# On the Remake Trail: Day of the Dead



## Sinister (Apr 18, 2004)

Today three images from the set of Nu Image and Millenum Films' remake of *Day of the Dead* popped up online. The picstures feature star Ving Rhames, a zombie and a major spoiler (so read on with caution). The original follows a group of scientists and military personnel holed up in an underground bunker because the world above is overrun with zombies. The lumbering flesheaters eventually find a way in and wreak havoc on the scientists who've been experimenting on their undead brethren.

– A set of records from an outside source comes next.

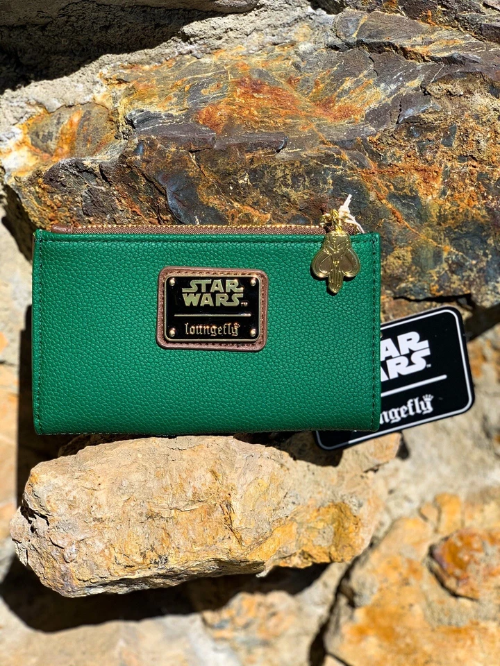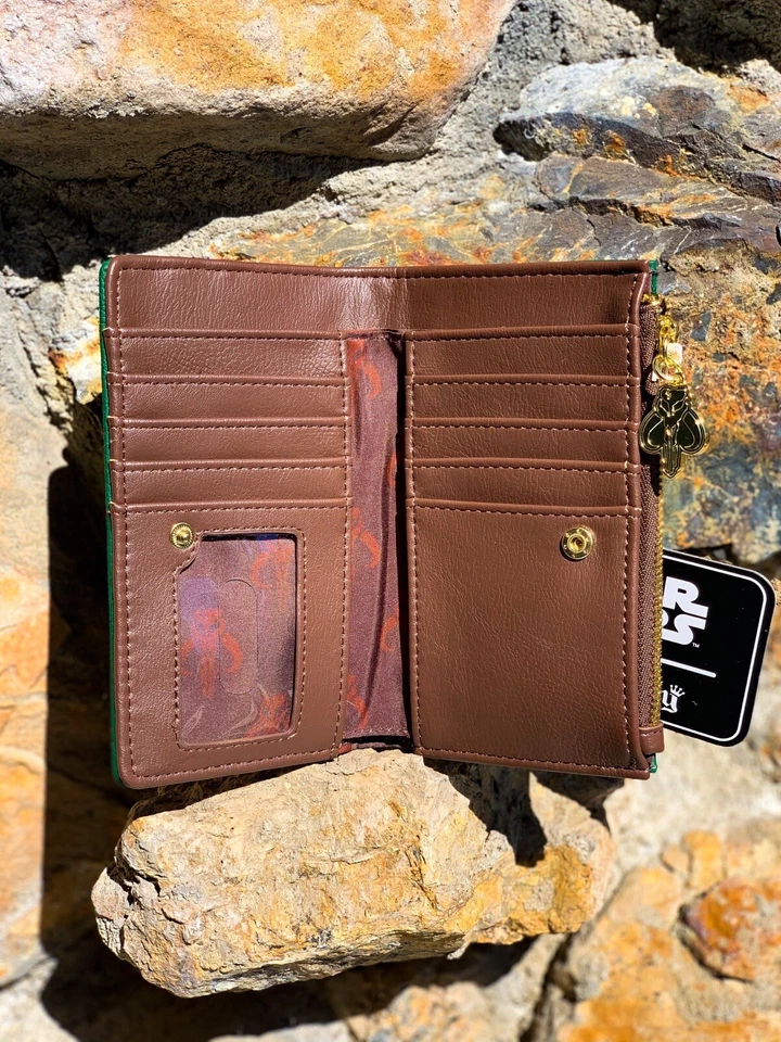 - Wallet Details: Compact bi-fold or zip-around style, approx. 6" W x 4" H, with multiple card slots, a clear ID window, zipper coin pocket, and a Mandalorian charm for secure, stylish storage.
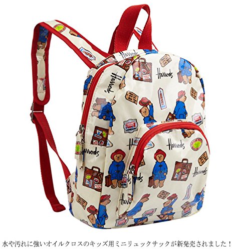 【ミニリュックサックの詳細】 素材:オイルクロスバック 100% PVC coated サイズ:よこ約20×たて約25×マチ約7cm ショルダー幅 3.8cm 長さ:約30cm~50cm 重さ:約230g ◎ハロッズからキッズのミニリュックサックが初登場しました 水や汚れに強いオイルクロス素材。 ファスナー付の外ポケットがありマチもあるので荷物が結構入ります。 ショルダーは長さ調節出来るので1才から4才位までのお子様に。 幅広い共布のショルダーにはクッションが入って背中が痛くありません。中は無地のポリエステル裏地が付いていて扱いやすい。 Paddington Bear柄は大人にも人気なパティントンがバックを持って旅行しています。 1才の誕生日プレゼントに最適です。
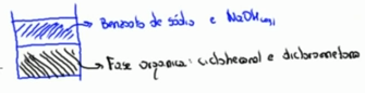 Fase orgânica, fase inferior: Ciclohexanol e dicloro metano.
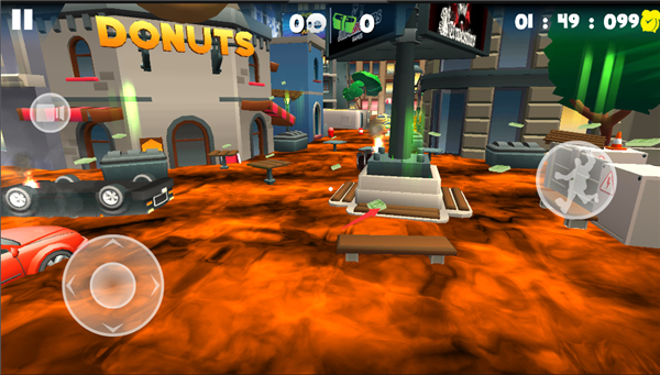 我还注意到游戏有很多特色玩法,比如摧毁特殊障碍物可以得分,路上还能捡到红心来免疫掉进岩浆的伤害,虽然屁股会被烫出火,但听起来有点搞笑。另外,角色自定义的部分也挺有意思的,手脚和身体都可以装饰,感觉能玩很久。
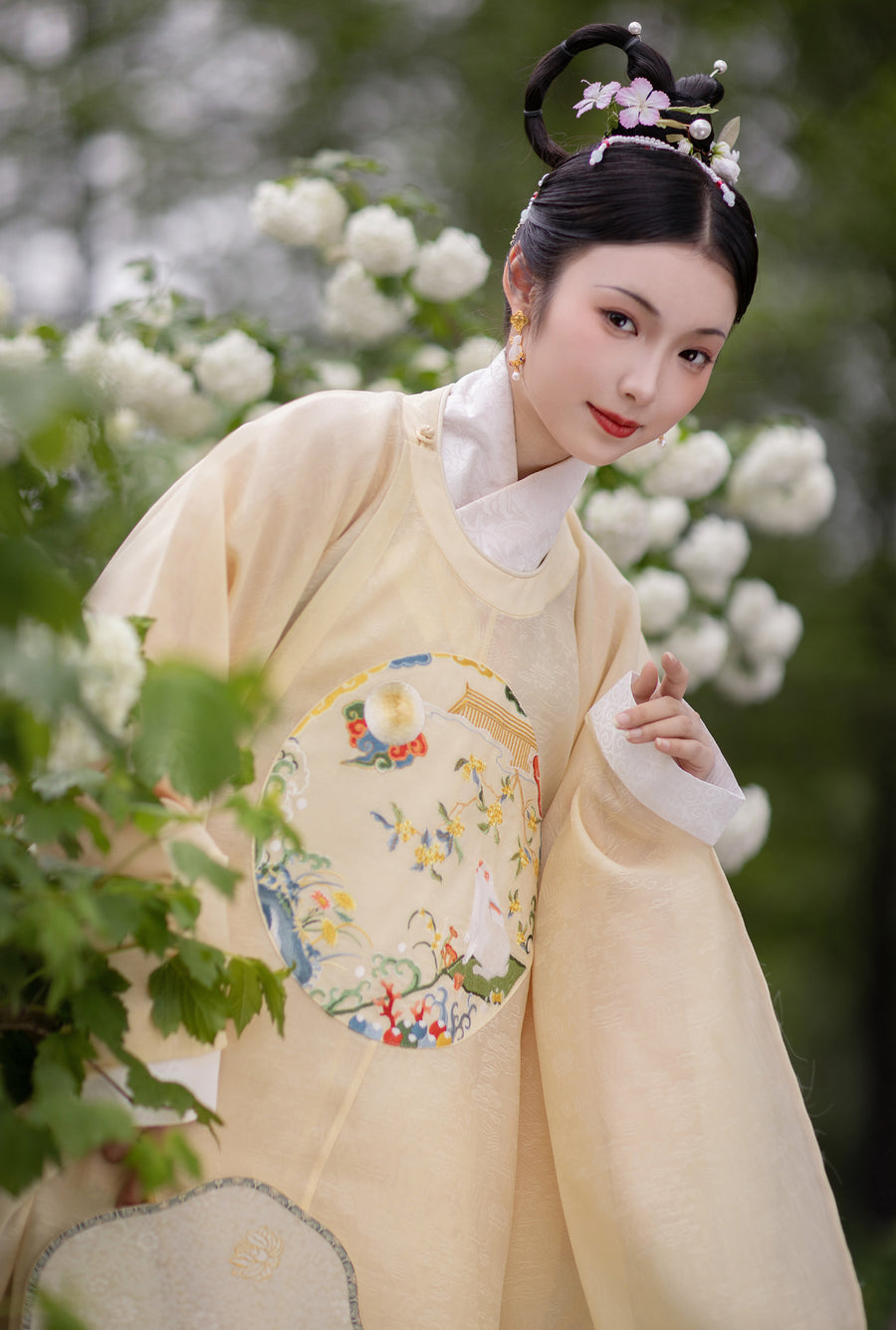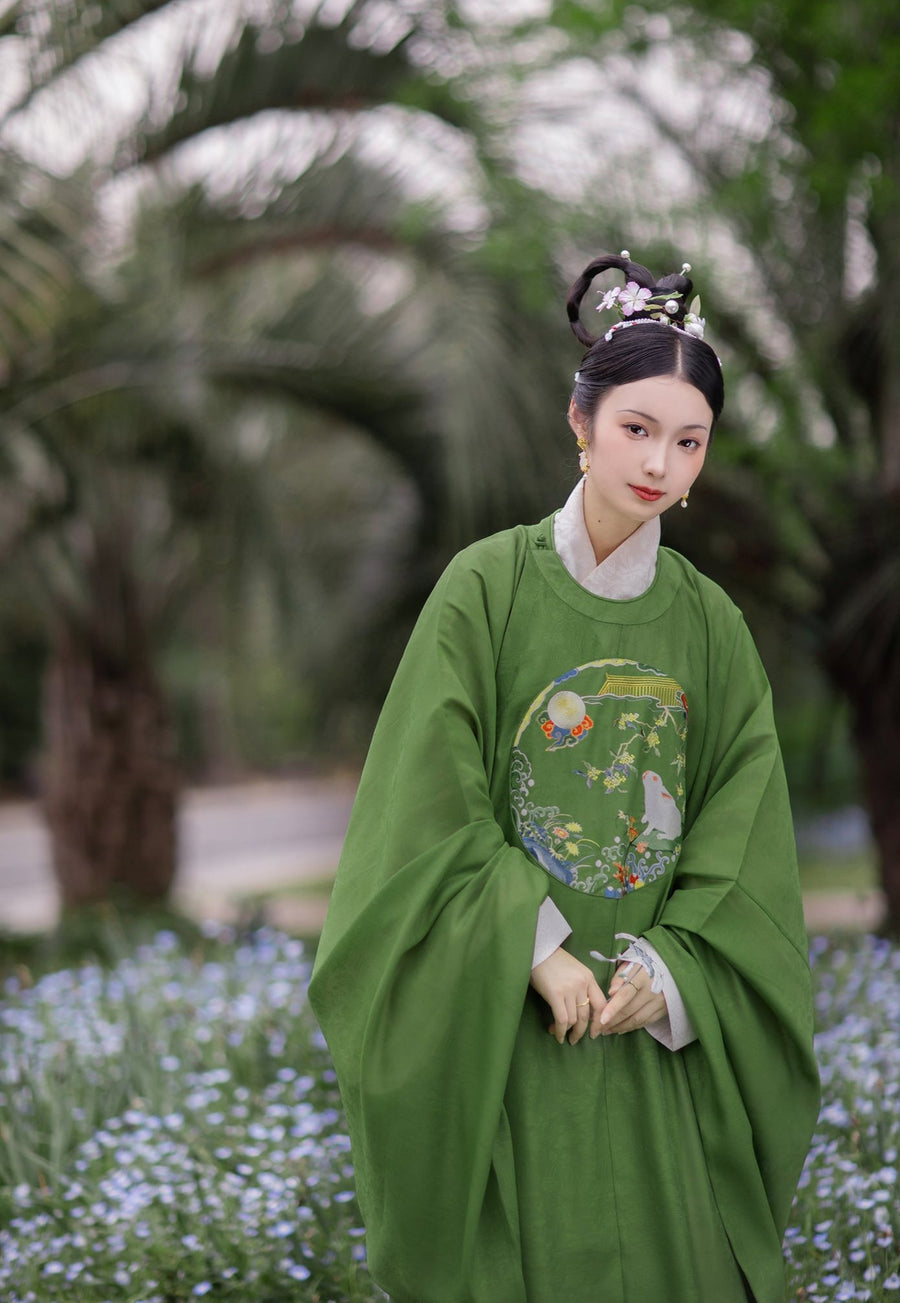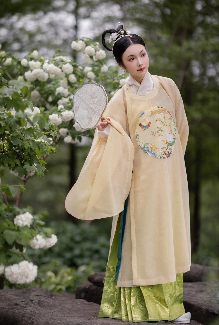The Yuanling Changshan 圆领长衫 (round collar long shirt) was a popular garment for men and women through the late middle Ming Dynasty. The return to round collara garments was a form of protest against the previous Yuan Dynasty's fashions, hence Song Dynasty garments, long sleeves, and long hems came back into popularity.

Directed by Steve Minor, the film also stars Mena Suvari, Michael Welch, Annalynne McCord, Stark Sands, Nick Cannon and Christa Campbell...


----------



## Sinister (Apr 18, 2004)

I have done some research and Ving Rhames is playing Capt. Rhodes, Mena Suvari will be playing the part of Sarah and Dr. Logan will be played by Matt Rippy. Not sure about that casting, especially in the case of Logan. And where is Steel? I really wish they had used all different characters like they did with the Dawn Redux, but it has Ving Rhames and Suvari is always a pleasure, so I will be keeping an open mind until I see it even if Steve Miner is helming the project. The question that remains is will these zombies jet or lumber? I will keep on top of this and bring you details as the days progress.


----------



## writer93 (Aug 29, 2006)

This looks like a pretty good remake, cant wait to see it!


----------



## Sinister (Apr 18, 2004)

*Still More Photos From Day of the Dead Redux*

More photos from this newest in the remake machine:


----------



## writer93 (Aug 29, 2006)

Coool, I think it looks pretty good! I'm always up for a good Zombie film.


----------



## Johnny Thunder (Feb 24, 2006)

Hmmmm....


----------



## Sinister (Apr 18, 2004)

The trailer for this little "Smash or Trash" piece of celluloid, can be found here: http://www.nuimage.net/film_library...mTitle={AEDDC72E-44BE-40DB-B9E9-E17CF94B08FA}

Looks like Ving Rhames will be slugging it out with "Zoombies" again. :zombie:


----------



## Hauntiholik (May 17, 2006)

Ok, so HE (Ving) made it off the boat alive....


----------



## Sinister (Apr 18, 2004)

No, this isn't a direct sequel. Rhames is playing Capt. Rhodes from the original film although Rhodes in that movie was white. I just don't believe that Ving can out asshole Joe Pilato. Joe is a real nice guy in real life, however.


----------



## Hauntiholik (May 17, 2006)

I stand corrected


----------